Structure recognition for information retrieval and layout
Mining for structure in a reliable, scalable way
Tables, lists and other structural elements are found in many digital articles. These elements typically allow the authors to present information in a structured manner and to communicate and summarize key results and main facts. It allows readers to get a quick overview of the presented information, to compare items and put them into context. Knowing the physical boundaries of paragraphs can aid screen-readers for visually impaired users. Having a concept of tables will help any document-processing flow. And, aside from serving as pure input, structure is a key component when performing conversion. This talk is about bridging the gap between high-level concepts and low-level document formats.
Joris Schellekens
Blockchain and Distributed Ledger Technology for documents
Blockchain is a type of DLT in which records are organized in blocks that are appended to a single chain using cryptography and distributed consensus. Each block contains a time stamp and a link to the previous block, ensuring that data in a block can't be altered retroactively. This makes blockchain a good choice for the recording of events, provenance tracking, and document life-cycle management. Signing a PDF in the blockchain instead of storing a signature in a PDF reduces the complexity of the code for a developer who needs digital signing and verification functionality. The same principle can be used in many other use cases to implement a document workflow, to keep track of the location of a document, and much more.
Joris Schellekens
Redaction in electronic documents
How I learned stop worrying and love PDF
Redacting is the removal of privileged or protected customer data before publishing or distributing. Something that has gained a lot of importance over the past few years and will continue to do so once the GDPR (General Data Protection Regulation) takes effect.

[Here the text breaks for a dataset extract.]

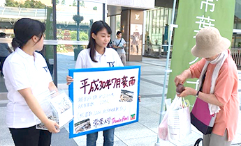 浜松キャンパスのボランティアサークル Thunder Birdsの学生が、8月6日(月曜日)、7日(火曜日)の2日間、西日本を中心に甚大な被害が出た平成30年7月豪雨災害への募金活動を浜松駅前で行いました。学内で行っていた募金活動を含め84,460円が集まり、赤羽共同募金に寄付をしました。
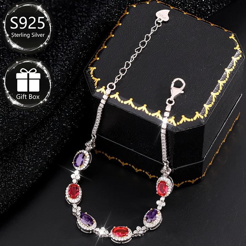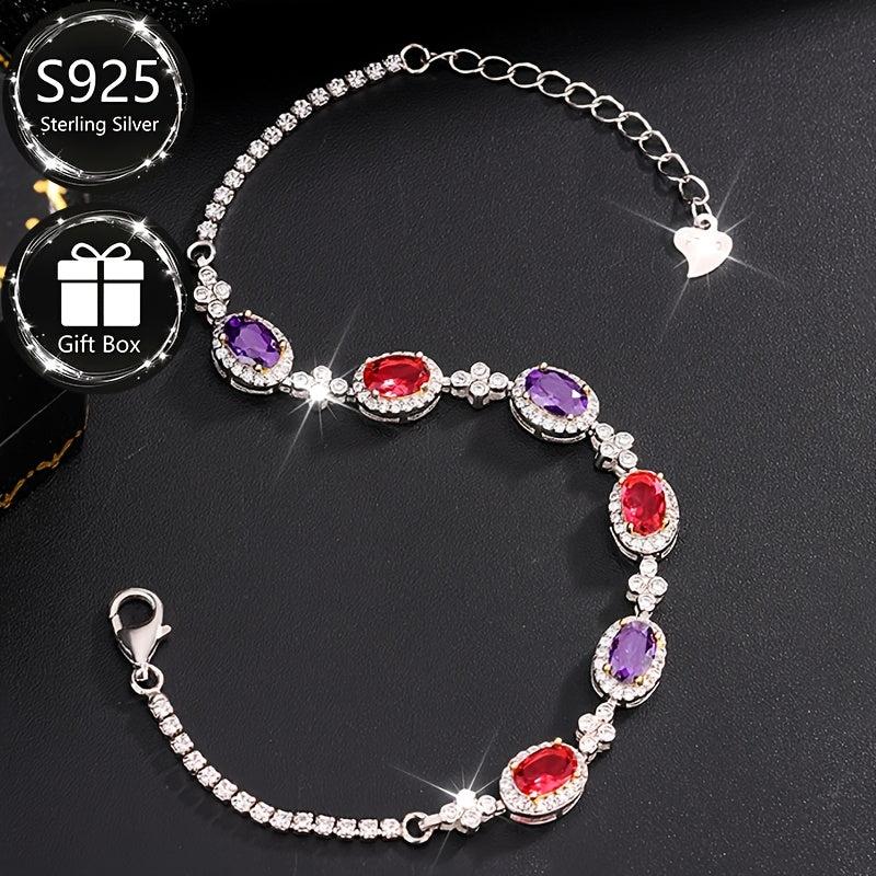 This S925 sterling silver bracelet features colorful cubic zirconia stones, making it light and versatile for daily wear, parties, and formal events. It is an ideal gift for friends.

While this is a trivial task for certain document formats, there are a few problems when redacting PDF documents. Redaction isn't simply removing the ability to see sensitive data, it is removing all traces of that content while retain the document properties as best as possible. This talk will delve into what redaction is for PDFs and why it is important,. We will showcase different methods of redaction, emphasizing how you can redact your content and how it applies in your business.